E quando si parla di tagli ai servizi sociali, si usa il temine riforma del welfare.
Sono solo parole, si potrebbe pensare. Ma le parole modellano il pensiero. Se un problema non ha più un nome chiaro, diventa più difficile riconoscerlo, discuterlo, combatterlo.
Non è un caso che parole vaghe e generiche ci confondano, impedendoci di afferrare la reale natura del discorso, sommergendoci nelle mille sfumature e contraddizioni che esse stesse creano.
Se non si usa più il termine “lotta di classe”, ritenuto troppo ideologico, sembra che la disuguaglianza sia un concetto superato.
Quando si smette di parlare di sfruttamento e si inizia a parlare di ottimizzazione dei processi, la disuguaglianza tra datori di lavoro e lavoratori diventa un fenomeno invisibile, difficile da criticare o riformare.
Le destre radicali hanno saputo manipolare il linguaggio per legittimare le proprie ideologie estremiste, sostituendo termini che evocano esclusione o intolleranza con espressioni più accettabili o persino positive.
Parole come sovranismo al posto di nazionalismo, difesa dell’identità culturale invece di xenofobia, e lotta contro l’invasione al posto di razzismo sono esempi di come la manipolazione linguistica consenta di mascherare l’intolleranza sotto l’apparenza di una legittima protezione della tradizione e dei valori nazionali.
Il patriottismo, così come la difesa della famiglia tradizionale, diventano strumenti per opporsi ai diritti civili, mentre ordine pubblico sostituisce la repressione, e sicurezza viene usata per giustificare politiche autoritarie.
Questo gioco con le parole rende più difficile opporsi a tali posizioni senza apparire contrari alla “difesa dei valori” o al “bene comune”.
George Orwell, nel suo celebre romanzo 1984, scritto nell’immediato dopoguerra, aveva compreso perfettamente un concetto fondamentale: il controllo del linguaggio è sinonimo di controllo della realtà.
Nel suo mondo distopico, Orwell introduce una lingua artificiale, la “Neolingua”, all’interno di una società dominata da totalitarismi che si dividono il mondo in tre superpotenze.
Questi regimi mantengono il potere attraverso una guerra perpetua, propaganda incessante e il controllo del pensiero, impedendo qualsiasi cambiamento sociale e tenendo la popolazione sotto stretto controllo.
Ogni governo riduce progressivamente il vocabolario, eliminando concetti ritenuti pericolosi e rendendo impossibile formulare idee sovversive.

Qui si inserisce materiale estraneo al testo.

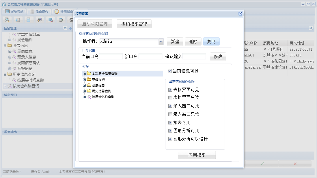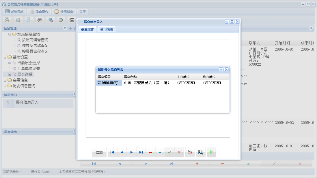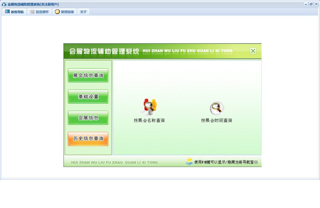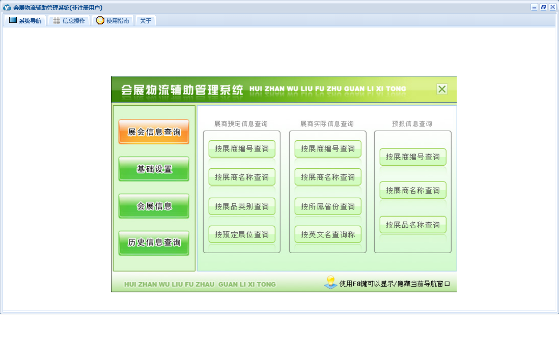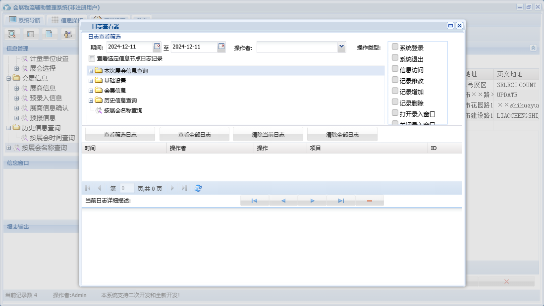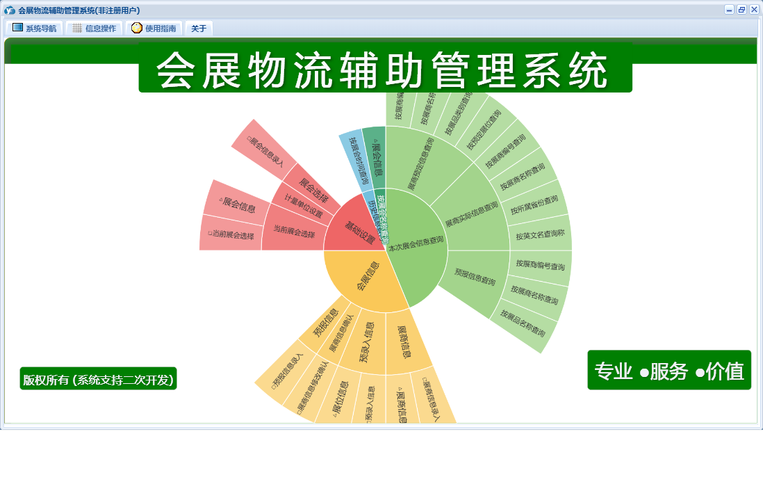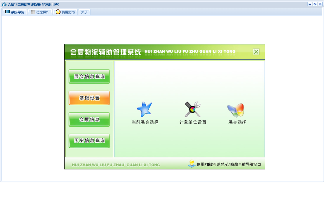 会展物流辅助管理系统包含以下功能:基础设置、会展信息、历史信息查询、展商信息确认、日志、展会信息查询、关于、权限设置、当前展会选择、展会选择等

Se una parola non esiste, un pensiero non può essere nemmeno concepito.
Il rischio? Un mondo dove accettiamo quello che ci viene detto senza più metterlo in discussione.
Per questo, la lezione di Orwell è importante: quando qualcuno cambia le parole, chiediamoci sempre cosa ci sta facendo dimenticare.
Il linguaggio è potere. Dietro a ogni parola di denuncia che muta si nasconde il tentativo di controllare la società.